For example, one block comprises any number of pages, for example, 64 pages, 128 pages, 256 pages or another suitable number of pages. Blocks are typically grouped into a plurality of zones. Each block zone can be independently managed to some extent, which increases the degree of parallelism for parallel operations and simplifies management of storage medium 130.

In some implementations, memory controller 120 includes a management module 121, a host interface 129, a storage medium interface (I/O) 128, and additional module(s) 125. Memory controller 120 may include various additional features that have not been illustrated for the sake of brevity and so as not to obscure more pertinent features of the example implementations disclosed herein, and a different arrangement of features may be possible. Host interface 129 provides an interface to computer system 110 through data connections 101. Similarly, storage medium I/O 128 provides an interface to storage medium 130 though connections 103. In some implementations, storage medium I/O 128 includes read and write circuitry, including circuitry capable of providing reading signals to storage medium 130 (e.g., reading threshold voltages for NAND-type flash memory).

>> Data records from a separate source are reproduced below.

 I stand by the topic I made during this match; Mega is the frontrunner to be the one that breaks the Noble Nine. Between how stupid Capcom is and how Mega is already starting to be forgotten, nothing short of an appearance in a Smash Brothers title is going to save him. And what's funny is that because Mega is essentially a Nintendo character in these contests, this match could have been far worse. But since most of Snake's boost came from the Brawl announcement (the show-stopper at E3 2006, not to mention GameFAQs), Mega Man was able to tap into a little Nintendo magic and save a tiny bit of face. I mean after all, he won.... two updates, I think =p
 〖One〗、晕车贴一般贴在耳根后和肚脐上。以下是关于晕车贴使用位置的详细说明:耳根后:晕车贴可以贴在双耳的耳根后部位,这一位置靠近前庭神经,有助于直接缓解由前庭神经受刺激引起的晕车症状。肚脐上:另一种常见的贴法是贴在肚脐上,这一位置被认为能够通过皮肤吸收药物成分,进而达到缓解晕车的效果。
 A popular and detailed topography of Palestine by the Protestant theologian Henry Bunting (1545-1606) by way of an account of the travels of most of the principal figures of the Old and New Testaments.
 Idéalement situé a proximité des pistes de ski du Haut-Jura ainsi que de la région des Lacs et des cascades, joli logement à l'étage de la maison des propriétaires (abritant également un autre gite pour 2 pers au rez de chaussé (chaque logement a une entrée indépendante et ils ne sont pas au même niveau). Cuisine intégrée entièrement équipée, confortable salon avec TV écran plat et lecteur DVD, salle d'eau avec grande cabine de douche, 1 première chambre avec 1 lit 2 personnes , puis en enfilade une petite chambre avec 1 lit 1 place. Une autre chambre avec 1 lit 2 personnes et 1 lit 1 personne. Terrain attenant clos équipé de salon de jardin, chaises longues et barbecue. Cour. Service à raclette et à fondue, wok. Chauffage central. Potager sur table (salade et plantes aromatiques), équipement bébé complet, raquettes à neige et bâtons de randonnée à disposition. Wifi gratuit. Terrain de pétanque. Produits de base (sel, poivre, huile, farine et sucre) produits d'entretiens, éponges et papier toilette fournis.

In some implementations, management module 121 includes one or more processing units (CPUs, also sometimes called processors) 122 configured to execute instructions in one or more programs (e.g., in management module 121). In some implementations, the one or more CPUs 122 are shared by one or more components within, and in some cases, beyond the function of memory controller 120. Management module 121 is coupled to host interface 129, additional module(s) 125 and storage medium I/O 128 in order to coordinate the operation of these components.

Additional module(s) 125 are coupled to storage medium I/O 128, host interface 129, and management module 121. As an example, additional module(s) 125 may include an error control module to limit the number of uncorrectable errors inadvertently introduced into data during writes to memory or reads from memory. In some embodiments, additional module(s) 125 are executed in software by the one or more CPUs 122 of management module 121, and, in other embodiments, additional module(s) 125 are implemented in whole or in part using special purpose circuitry (e.g., to perform encoding and decoding functions).

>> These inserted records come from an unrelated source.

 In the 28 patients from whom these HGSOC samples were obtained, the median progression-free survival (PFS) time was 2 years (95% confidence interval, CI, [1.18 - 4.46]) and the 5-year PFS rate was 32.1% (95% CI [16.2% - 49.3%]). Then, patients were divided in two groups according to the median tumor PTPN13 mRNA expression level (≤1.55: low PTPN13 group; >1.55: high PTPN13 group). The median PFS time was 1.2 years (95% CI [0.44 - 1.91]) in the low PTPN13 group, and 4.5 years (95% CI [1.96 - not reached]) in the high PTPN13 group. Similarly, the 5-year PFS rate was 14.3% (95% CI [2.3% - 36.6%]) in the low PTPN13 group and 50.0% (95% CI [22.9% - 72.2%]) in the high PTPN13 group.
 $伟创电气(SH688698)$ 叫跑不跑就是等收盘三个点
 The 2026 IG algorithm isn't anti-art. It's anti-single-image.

During an address-targeted write operation, host interface 129 receives data to be stored in storage medium 130 from computer system 110. The data held in host interface 129 is made available to an encoder (e.g., in additional module(s) 125), which encodes the data to produce one or more codewords. The one or more codewords are made available to storage medium I/O 128, which transfers the one or more codewords to storage medium 130 in a manner dependent on the type of storage medium being utilized.

An address-targeted read operation is initiated when computer system (host) 110 sends one or more host read commands on control line 111 to memory controller 120 requesting data from storage medium 130. Memory controller 120 sends one or more read access commands to storage medium 130, via storage medium I/O 128, to obtain raw read data in accordance with memory locations (addresses) specified by the one or more host read commands. Storage medium I/O 128 provides the raw read data (e.g., comprising one or more codewords) to a decoder (e.g., in additional module(s) 125). If the decoding is successful, the decoded data is provided to host interface 129, where the decoded data is made available to computer system 110. In some implementations, if the decoding is not successful, memory controller 120 may resort to a number of remedial actions or provide an indication of an irresolvable error condition.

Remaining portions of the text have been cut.